**DATA BELOW:**

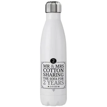 Mr & Mrs Sharing the sofa, Μεταλλικό παγούρι θερμός (Stainless steel), διπλού τοιχώματος, 750ml
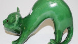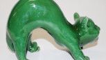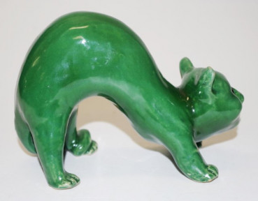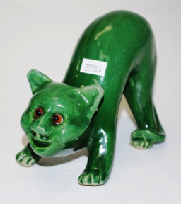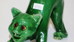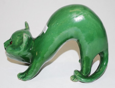 Lot Description:Green pottery cat with glass eyes
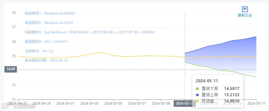 玄田算法是由项目课题组团队原创的非经典逻辑数值聚合理论和不确定性预测方法,构建了基于一致模算子的生猪价格预测模型。该模型采用的聚合函数及一致模相关理论与方法已获得多项国家自然科学基金和省级自然科学资金资助,并获得多项省级自然科学奖奖项。05月11日预测猪价为14.9010,置信区间在14.5917--15.2123之间。05月12日预测猪价为14.8947;05月13日预测猪价为14.9779。

**TASK TO CARRY OUT:** No picture belongs in the copy; return the rest of the listing exactly.

**THE COMPLETED TASK:**
 Mr & Mrs Sharing the sofa, Μεταλλικό παγούρι θερμός (Stainless steel), διπλού τοιχώματος, 750ml
 Lot Description:Green pottery cat with glass eyes
 玄田算法是由项目课题组团队原创的非经典逻辑数值聚合理论和不确定性预测方法,构建了基于一致模算子的生猪价格预测模型。该模型采用的聚合函数及一致模相关理论与方法已获得多项国家自然科学基金和省级自然科学资金资助,并获得多项省级自然科学奖奖项。05月11日预测猪价为14.9010,置信区间在14.5917--15.2123之间。05月12日预测猪价为14.8947;05月13日预测猪价为14.9779。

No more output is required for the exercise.